Weekly Update – 3 May 2020 – LS Trader

Stocks

The S&P continued to rally higher, slightly exceeding the 61.8% retracement of the prior decline until Thursday before turning lower. Friday gapped lower and closed lower again. It is possible that will be the end of the corrective rally and that prices may resume the downtrend.

The Nasdaq 100 had been stronger still, testing the 78.6% retracement of the prior decline. As we have mentioned several times over the years, when the 78.6% retracement level is exceeded, the market will often go on to at least test the prior high. However, the current global backdrop and the price action seen on Thursday and Friday continue to keep that view as a low probability in this case.

Commodities

Commodities continue to consolidate and digest the recent moves. The energy markets are trying to scrape themselves off the bottom but remain in long-term downtrends, as they will for the foreseeable future.

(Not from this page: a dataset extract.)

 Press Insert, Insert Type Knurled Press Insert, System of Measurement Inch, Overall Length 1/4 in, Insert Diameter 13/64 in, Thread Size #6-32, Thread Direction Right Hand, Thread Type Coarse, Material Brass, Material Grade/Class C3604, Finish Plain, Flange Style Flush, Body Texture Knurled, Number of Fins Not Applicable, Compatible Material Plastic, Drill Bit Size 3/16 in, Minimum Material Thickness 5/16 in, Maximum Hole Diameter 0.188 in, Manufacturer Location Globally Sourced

Metals have seen continued weakness. Gold has traded lower but for now, is holding above support.

Currencies

The Dollar has seen continued weakness this past week, and we remain flat all currencies. A few majors are within range of breakouts.

Interest rate futures

From last week: “Interest rate futures continue to trade in the vicinity of the neckline and could yet break to new highs. The trend remains up across the sector.”

Interest rate futures have failed to move higher and break the neckline, as volatility continues to contract. This is a choppy consolidation that could still resolve either way, with a slight upward bias in the direction of the primary trend.

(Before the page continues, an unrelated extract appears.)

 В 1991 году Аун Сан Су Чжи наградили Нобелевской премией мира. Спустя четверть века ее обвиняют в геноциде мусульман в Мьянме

Weekly Update – 26 April 2020 – LS Trader

Stocks

From last week on the Nasdaq 100: “Friday’s bar turned lower, and that may be the end of the rally.” Stocks opened the week lower but did regain some of the declines with a strong day on Friday, but still closed down for the week.

Commodities

The energy markets had the wildest of weeks with May Crude Oil declining to -$40.32 before recovering. However, although weakness was also seen in June, which made a low print of $6.50, it never made the extreme move that May did. It is normal to roll out of the expiring contract around a week before expiry, and those that stayed in May got caught out. Therefore, the price action in June is more important as it was the liquid contract at the time. Nonetheless, one would never think that such prices levels would be seen in Crude. Whether we have a similar situation when June expires next month remains to be seen.

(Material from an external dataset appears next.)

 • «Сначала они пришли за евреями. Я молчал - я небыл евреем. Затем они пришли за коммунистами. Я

The trend remains down in the Crude markets. Still, there is very little value in a short position due to the extreme volatility; the required position sizing makes it all but impossible to structure a short trade with asymmetric risk-reward from current levels.

Gold dipped on Tuesday but recovered and rallied back towards the recent highs, keeping the uptrend intact.

Currencies

The dollar remains in the middle of the recent range but is still in an uptrend against the majors. We are currently flat all currency markets, which is a situation that does not arise that often.

Interest rate futures

From last week: “There are arguable head and shoulders continuation patterns forming on the 30 Year T-Bond and 10 Year T-Notes. A break of the neckline would suggest new highs and possibly negative interest rates in the US.”

Interest rate futures continue to trade in the vicinity of the neckline and could yet break to new highs. The trend remains up across the sector.

Weekly Update – 19 April 2020 – LS Trader

Stocks

From last week: “Markets could continue to rally further, and the adage of don’t fight the Fed is often prudent.” Stocks continued their recent corrective rally. Strength has been impressive, certainly in the Nasdaq 100, which has easily exceeded the 61.8% retracement level from the all-time high, falling just short of the 78.6% retracement level.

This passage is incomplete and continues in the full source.